## MATERIAL FOR THIS EXERCISE
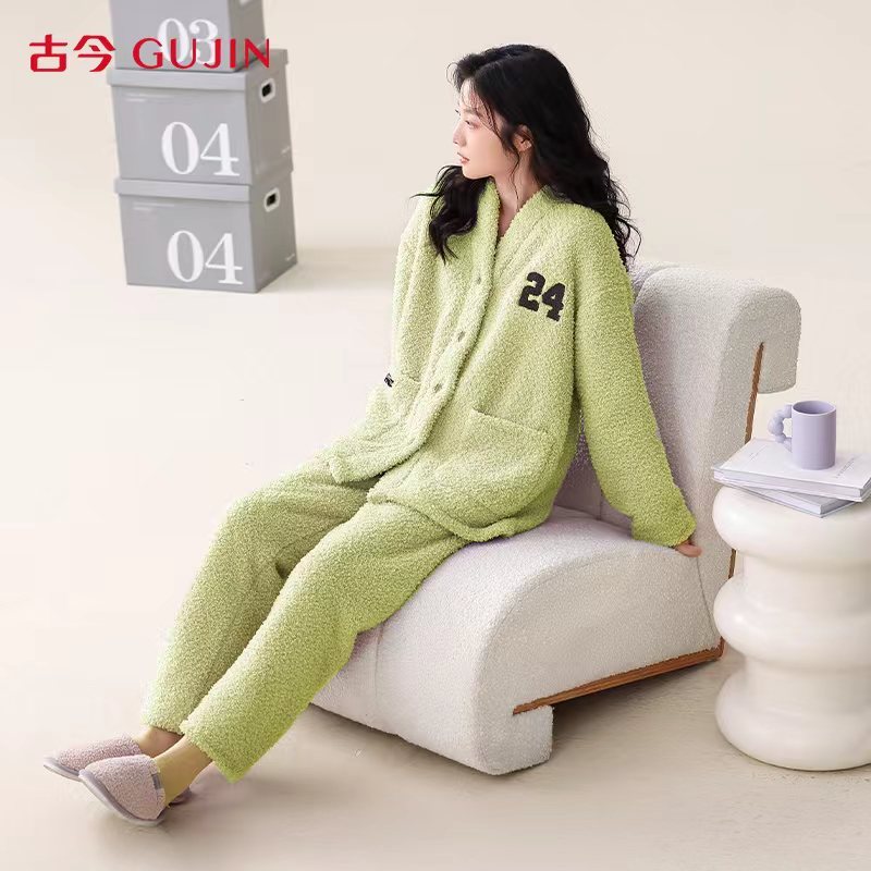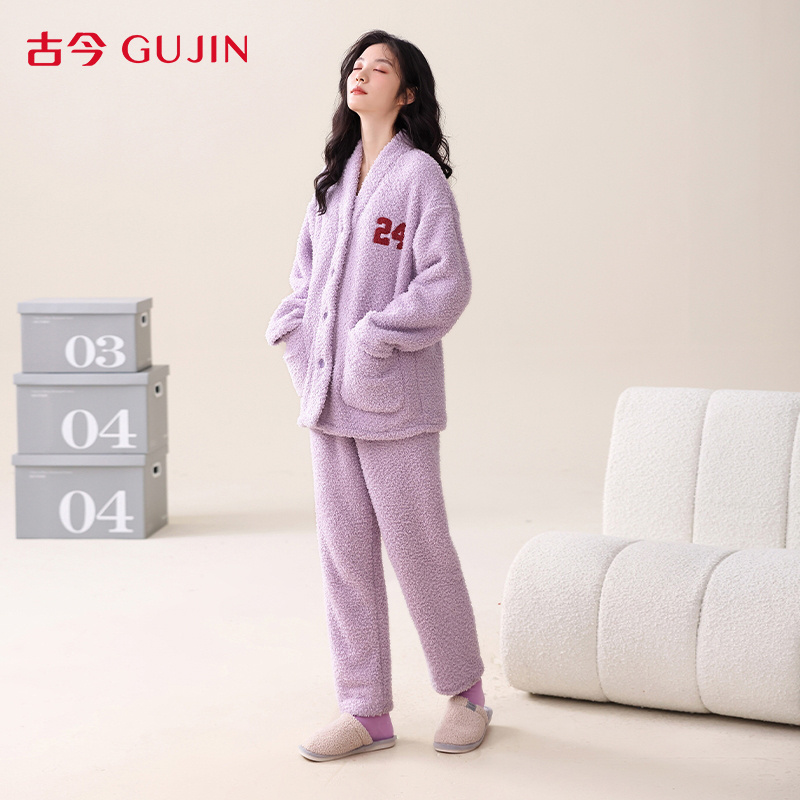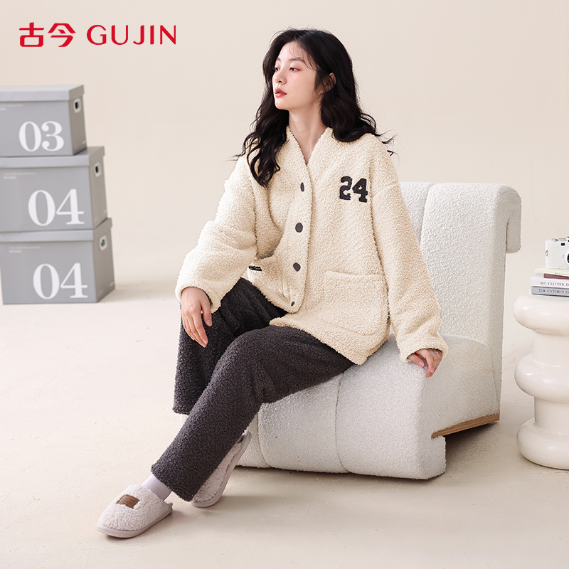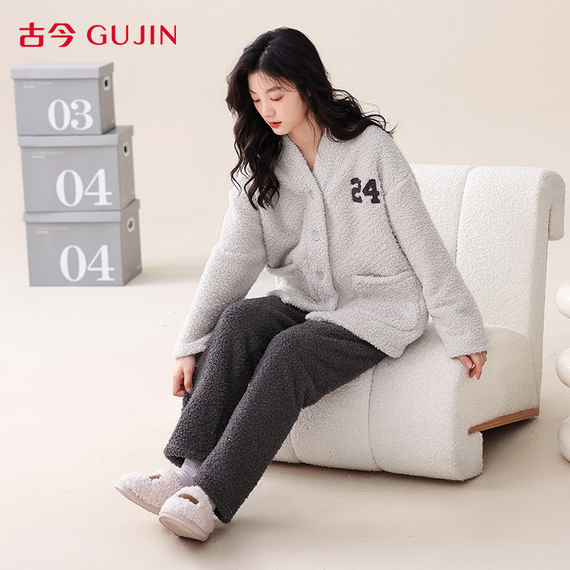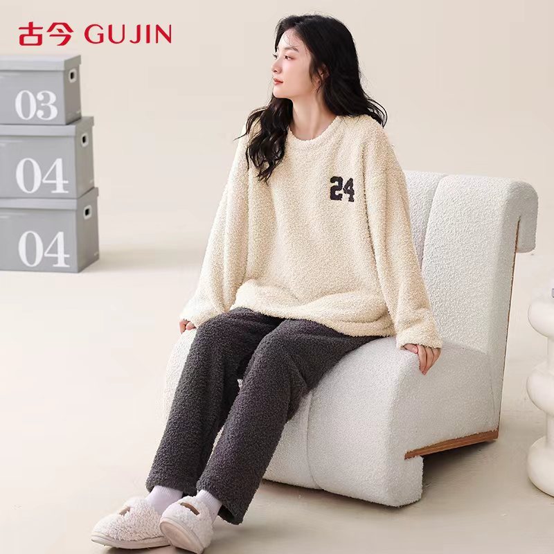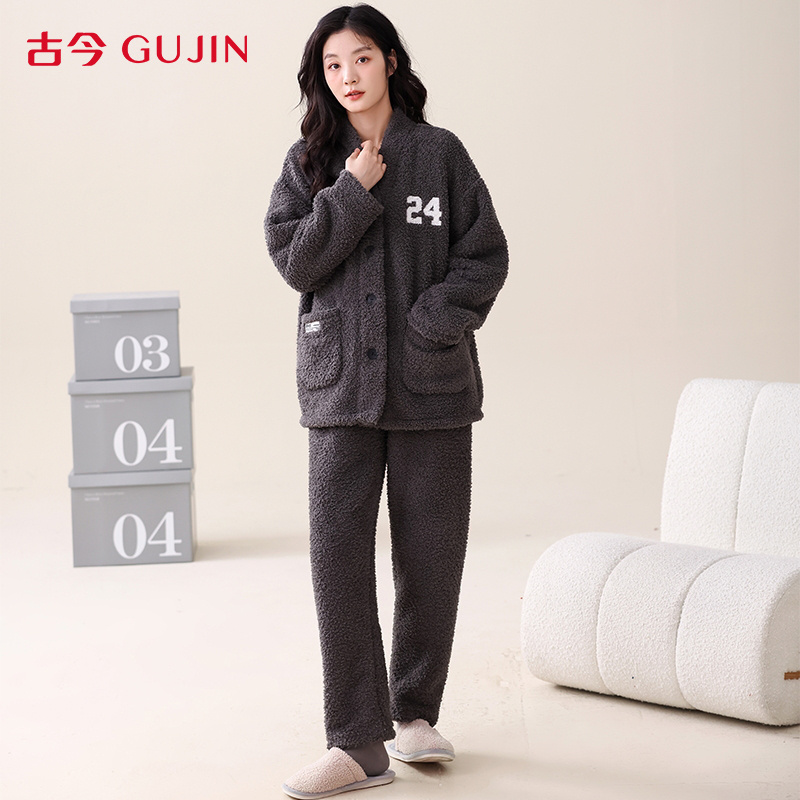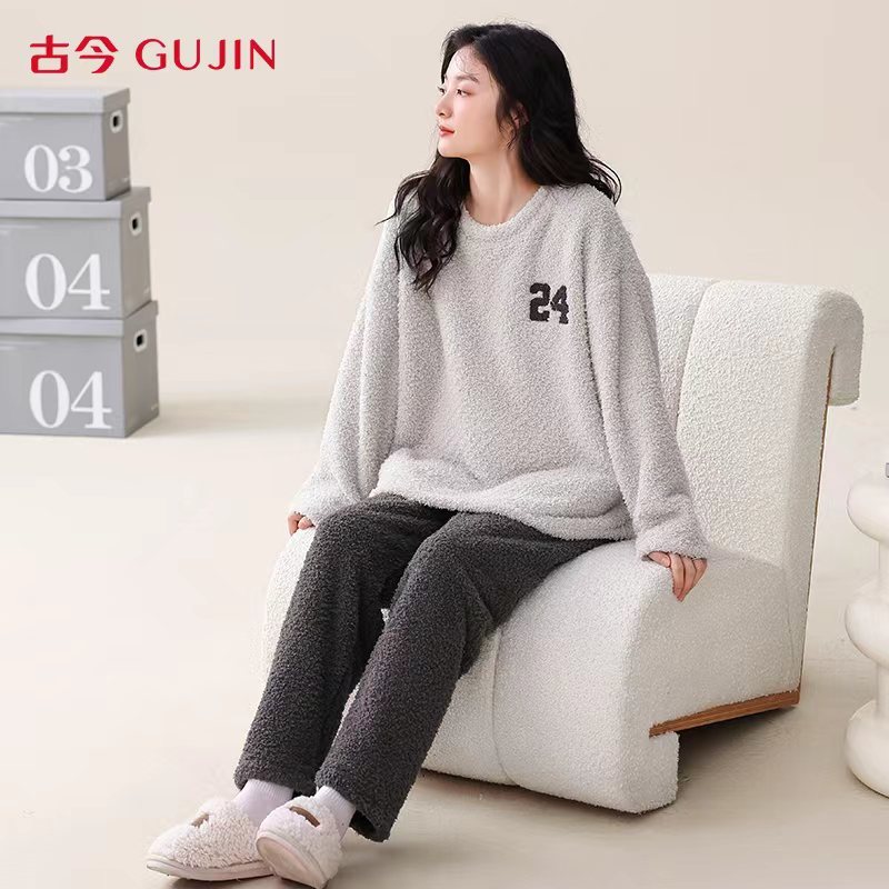 【古今GUJIN半边绒情侣家居服套装】加密加厚款5°可穿,860g进口级双面暖绒面料保暖性是羊毛的2倍,棉的4倍!一面暖绒,一面柔肤的黑科技
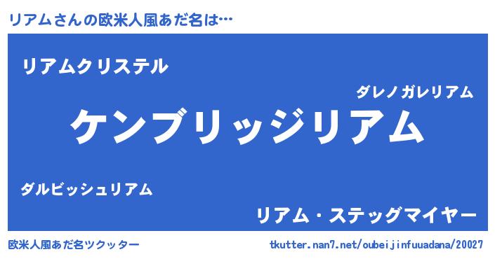 | 男性向けラノベタイトル風あだ名 | 『Re:リアムから始める異世界生活』 |
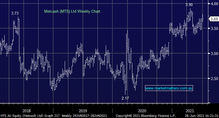 MTS +0.82%: announced FY21 results today for an April year end. The numbers were broadly a miss both at top and bottom line despite 10% revenue growth, and 27% growth in NPAT line on FY20. Consensus was around 6% higher at the bottom line, the stock still managed to trade higher today given FY22 has started strongly. The first 8 weeks are tracking better than feared with the market pricing in a significant slowdown in sales as COVID impacts subside. Liquor and hardware are both showing better than 25% growth on FY20, before COVID helped boost sales. They also announced a $175m off-market buy back to take place in August to utilise some of the franking credit balance.
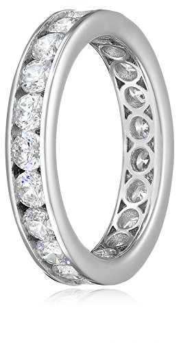 Amazon Collection Platinum-Plated Sterling Silver Infinite Elements Cubic Zirconia Channel Set All-Around Band Ring
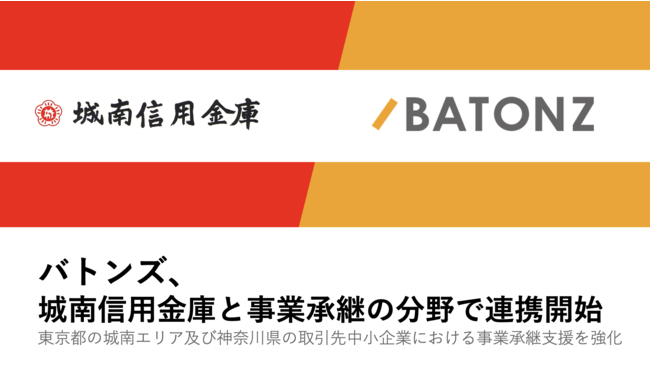 M&A総合支援プラットフォーム「BATONZ(バトンズ)」を運営する株式会社バトンズ(本社:東京都中央区、代表取締役:神瀬 悠一、以下バトンズ)は、城南信用金庫(本社:東京都品川区、理事長:川本 恭治)と中小企業における第三者承継・M&Aを支援するための連携を開始したことをお知らせします。
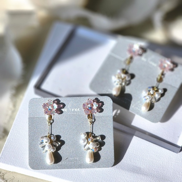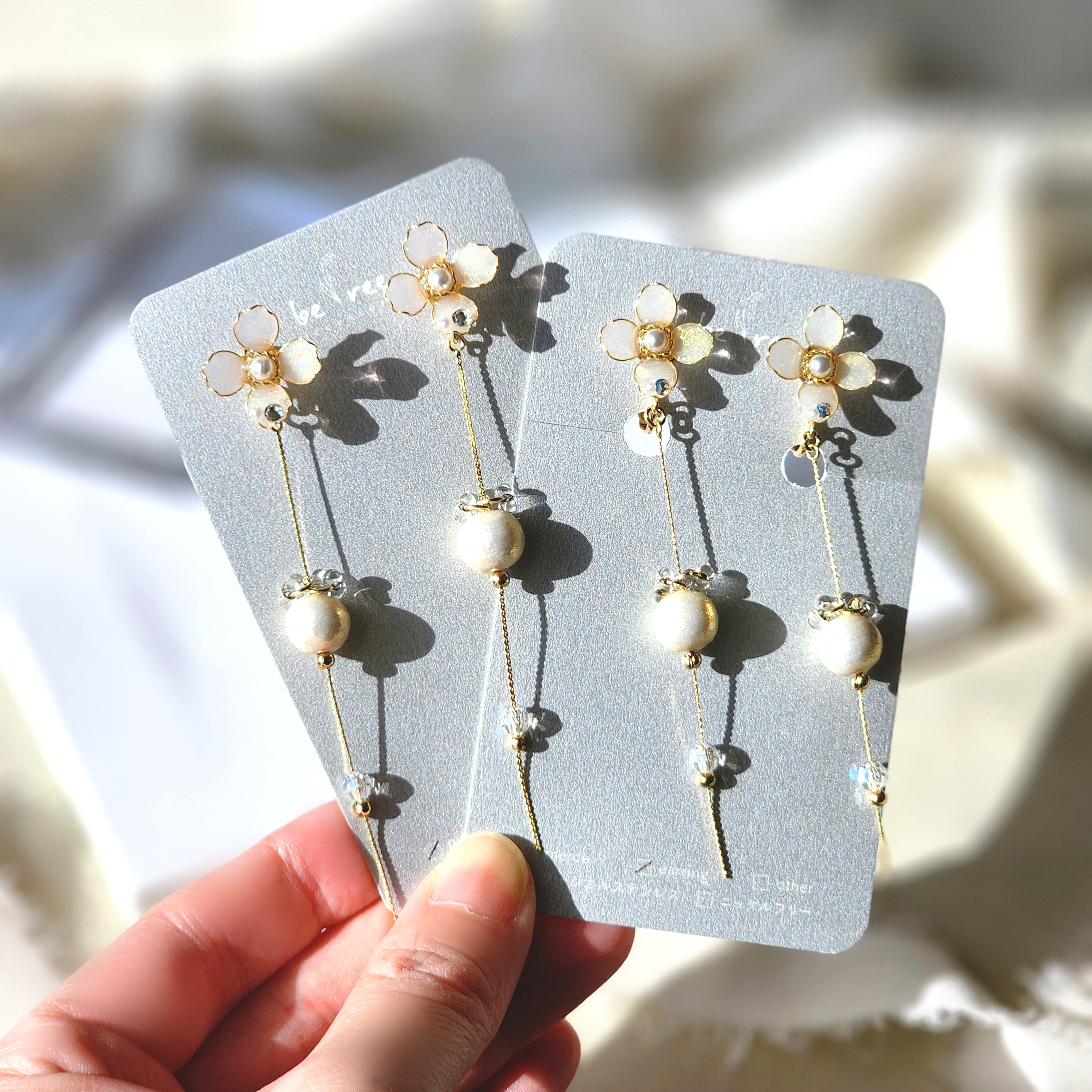 - hidamari - やわらかな光をまとった ふんわり優しいアクセサリー。 耳元で静かに揺れるのは コットンパールとクリスタルの繊細なチェーン。 歩くたび、呼吸するたび、 余韻のようにやさしく揺れ動きます。 甘くなりすぎないオフホワイトと ゴールドの組み合わせは 日常使いはもちろん 少し特別な日にも寄り添うデザイン。 控えめなのに、ふと目を惹く。 そんな大人のためのお花アクセサリーです。 ピアスは2way仕様となり、 お花だけの一輪ピアスとしても使えます。 イヤリングのチャームは取り外し不可です。 お花の直径は約2cmです* 【商品詳細】 •ピアス(サージカルステンレス)には チャーム付きキャッチの他に 通常のキャッチ×1ペアが付きます。 •イヤリング(メッキ)にはシリコンカバーが付いています。 •重さは片耳分で1~2gほどです。 •全長 ピアス/約8.5cm イヤリング/約8cm •着用画像は色違いのイヤリングです。 ピアスの場合デザインにより見え方が変わりますのでご注意ください。 •商品納期 手元に在庫がある場合は即日、または翌日発送。 受注生産の場合は1~2週間いただきます。 ⚠ご購入の前に必ず 【商品ご購入の前に】のページをお読みください。
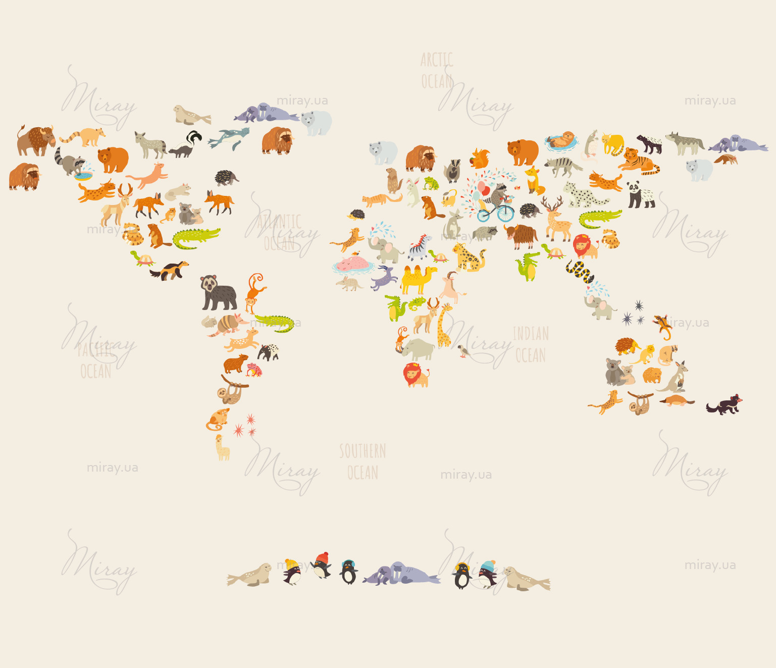 Карта детская с разными животными

## WHAT IS EXPECTED
Apart from the pictures, the material above has to be repeated exactly.

## EXERCISE RESPONSE
 【古今GUJIN半边绒情侣家居服套装】加密加厚款5°可穿,860g进口级双面暖绒面料保暖性是羊毛的2倍,棉的4倍!一面暖绒,一面柔肤的黑科技
 | 男性向けラノベタイトル風あだ名 | 『Re:リアムから始める異世界生活』 |
 MTS +0.82%: announced FY21 results today for an April year end. The numbers were broadly a miss both at top and bottom line despite 10% revenue growth, and 27% growth in NPAT line on FY20. Consensus was around 6% higher at the bottom line, the stock still managed to trade higher today given FY22 has started strongly. The first 8 weeks are tracking better than feared with the market pricing in a significant slowdown in sales as COVID impacts subside. Liquor and hardware are both showing better than 25% growth on FY20, before COVID helped boost sales. They also announced a $175m off-market buy back to take place in August to utilise some of the franking credit balance.
 Amazon Collection Platinum-Plated Sterling Silver Infinite Elements Cubic Zirconia Channel Set All-Around Band Ring
 M&A総合支援プラットフォーム「BATONZ(バトンズ)」を運営する株式会社バトンズ(本社:東京都中央区、代表取締役:神瀬 悠一、以下バトンズ)は、城南信用金庫(本社:東京都品川区、理事長:川本 恭治)と中小企業における第三者承継・M&Aを支援するための連携を開始したことをお知らせします。
 - hidamari - やわらかな光をまとった ふんわり優しいアクセサリー。 耳元で静かに揺れるのは コットンパールとクリスタルの繊細なチェーン。 歩くたび、呼吸するたび、 余韻のようにやさしく揺れ動きます。 甘くなりすぎないオフホワイトと ゴールドの組み合わせは 日常使いはもちろん 少し特別な日にも寄り添うデザイン。 控えめなのに、ふと目を惹く。 そんな大人のためのお花アクセサリーです。 ピアスは2way仕様となり、 お花だけの一輪ピアスとしても使えます。 イヤリングのチャームは取り外し不可です。 お花の直径は約2cmです* 【商品詳細】 •ピアス(サージカルステンレス)には チャーム付きキャッチの他に 通常のキャッチ×1ペアが付きます。 •イヤリング(メッキ)にはシリコンカバーが付いています。 •重さは片耳分で1~2gほどです。 •全長 ピアス/約8.5cm イヤリング/約8cm •着用画像は色違いのイヤリングです。 ピアスの場合デザインにより見え方が変わりますのでご注意ください。 •商品納期 手元に在庫がある場合は即日、または翌日発送。 受注生産の場合は1~2週間いただきます。 ⚠ご購入の前に必ず 【商品ご購入の前に】のページをお読みください。
 Карта детская с разными животными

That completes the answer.